RECORDS FOR THE EXERCISE =
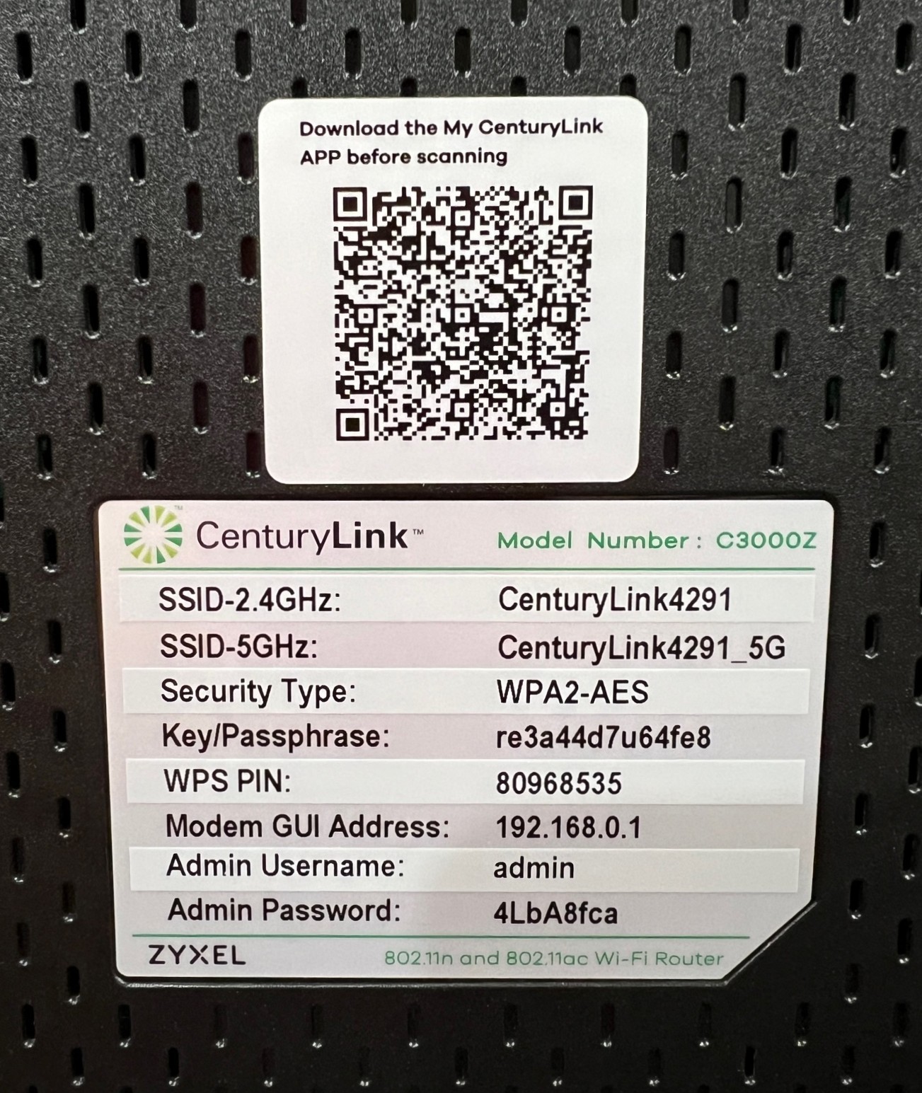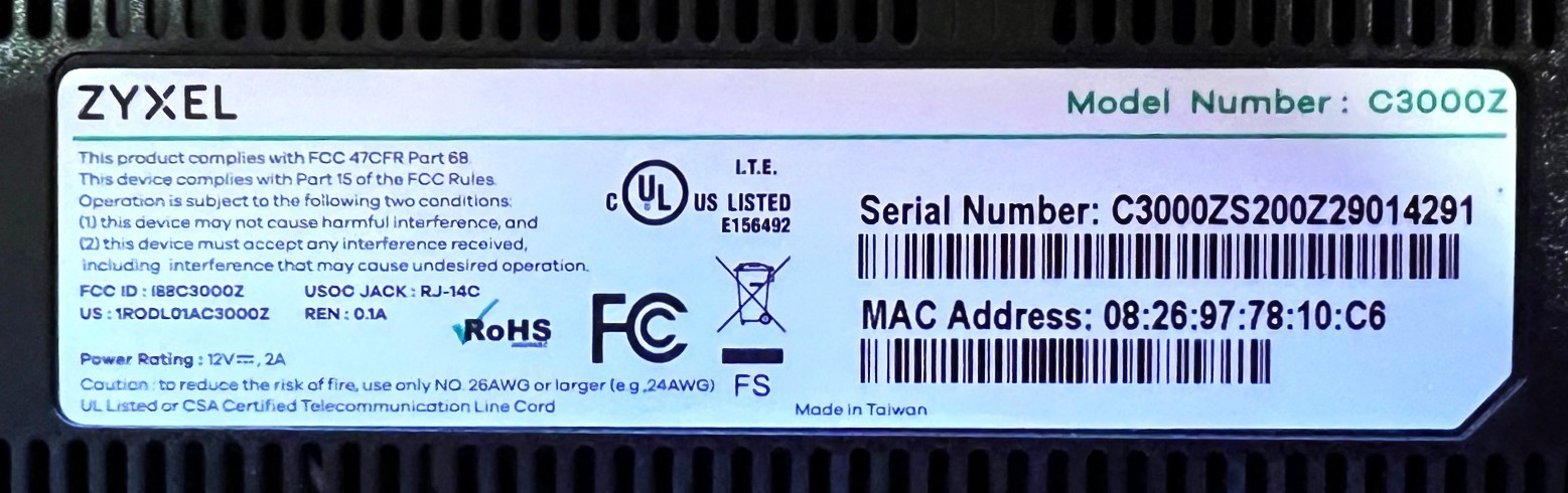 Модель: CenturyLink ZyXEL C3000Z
--
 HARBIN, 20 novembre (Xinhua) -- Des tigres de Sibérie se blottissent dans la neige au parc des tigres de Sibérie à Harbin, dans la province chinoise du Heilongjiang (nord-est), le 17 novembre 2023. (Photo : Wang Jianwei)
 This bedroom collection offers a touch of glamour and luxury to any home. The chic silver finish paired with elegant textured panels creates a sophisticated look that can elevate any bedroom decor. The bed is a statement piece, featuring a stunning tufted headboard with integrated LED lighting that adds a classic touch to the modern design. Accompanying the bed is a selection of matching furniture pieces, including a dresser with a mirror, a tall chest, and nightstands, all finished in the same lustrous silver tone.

WHAT THIS TASK INVOLVES = Your task is to restate, word for word, only those lines above that fall between the line holding "HARBIN, 20 novembre" and the line holding "This bedroom collection", inclusive.

RESULT FOR THIS TASK =
 HARBIN, 20 novembre (Xinhua) -- Des tigres de Sibérie se blottissent dans la neige au parc des tigres de Sibérie à Harbin, dans la province chinoise du Heilongjiang (nord-est), le 17 novembre 2023. (Photo : Wang Jianwei)
 This bedroom collection offers a touch of glamour and luxury to any home. The chic silver finish paired with elegant textured panels creates a sophisticated look that can elevate any bedroom decor. The bed is a statement piece, featuring a stunning tufted headboard with integrated LED lighting that adds a classic touch to the modern design. Accompanying the bed is a selection of matching furniture pieces, including a dresser with a mirror, a tall chest, and nightstands, all finished in the same lustrous silver tone.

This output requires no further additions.